# ati-drivers-12.4 not stable?

## eccerr0r

I'm using x11-drivers/ati-drivers-12.4.

The machine normally runs OK but after about a week or two, X11 will suddenly hang up and the machine can only be accessed by network (can't do anything on keyboard/mouse anymore, it just freezes.)

When I ssh into the machine, there is an oops in fglrx... which is a pain...

Anyone see this before, or perhaps my hardware is failing?

3.2.1-gentoo-r2, 32-bit, PAE, 4GB RAM (Core2 Quad 9550S) - RadeonHD 5770

----------

## gorkypl

No idea, but maybe open drivers are worth a try? My 5750 runs rock stable (3D is very limited, though).

----------

## eccerr0r

Unfortunately 3D graphics is the sole reason for having the 5770.  Though I am curious how far the OSS driver has come...

Come to think of it I really should try my 3650 with the OSS driver...  It's not sitting in a machine at the moment after its fan failed...

----------

## gorkypl

Obviously you know this page?

http://www.x.org/wiki/RadeonFeature

Anyway, I think that giving the open driver a chance may be good idea, especially that the configuration is straightforward (no xorg.conf needed).

But if you need real 3D acceleration then you are probably convicted to the binary ati driver.
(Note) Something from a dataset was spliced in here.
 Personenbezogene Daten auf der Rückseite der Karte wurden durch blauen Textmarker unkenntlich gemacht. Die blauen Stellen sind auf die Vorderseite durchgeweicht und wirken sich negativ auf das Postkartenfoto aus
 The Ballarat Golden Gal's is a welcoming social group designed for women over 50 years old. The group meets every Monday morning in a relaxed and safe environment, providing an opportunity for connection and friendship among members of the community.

Maybe the 12.6 beta will improve the situation...

----------

## eccerr0r

yes, this video card is the gaming card.  I've also tried running some OpenCL apps on it.  If I weren't using games on this card I'd probably have stuck with Intel HD3000 graphics or something, it's pretty good IMHO actually, plus it's got a fully OSS driver.
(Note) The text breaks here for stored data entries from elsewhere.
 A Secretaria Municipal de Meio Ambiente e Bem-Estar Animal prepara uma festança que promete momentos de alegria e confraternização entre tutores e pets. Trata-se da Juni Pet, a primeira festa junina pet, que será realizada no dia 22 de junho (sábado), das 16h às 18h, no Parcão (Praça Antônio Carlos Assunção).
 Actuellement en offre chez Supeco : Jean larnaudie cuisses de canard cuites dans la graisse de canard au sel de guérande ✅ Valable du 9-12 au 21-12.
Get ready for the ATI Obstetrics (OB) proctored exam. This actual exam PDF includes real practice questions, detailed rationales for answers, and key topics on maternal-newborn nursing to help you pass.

(Actually I'm very pleased with onchip Intel graphics even with the slower ones... as long as I'm not playing games on it ...  Really no need to buy a graphics accelerator.  I was quite impressed with Intel HD Graphics 3000 (sandybridge). )

But in any case I hope this is fixed, the older version of the driver seemed to have never crashed but had some drawing artifacts (like gnome-terminal wouldn't scroll properly on my second monitor)... sigh.  hate being at the mercy of a closed source driver...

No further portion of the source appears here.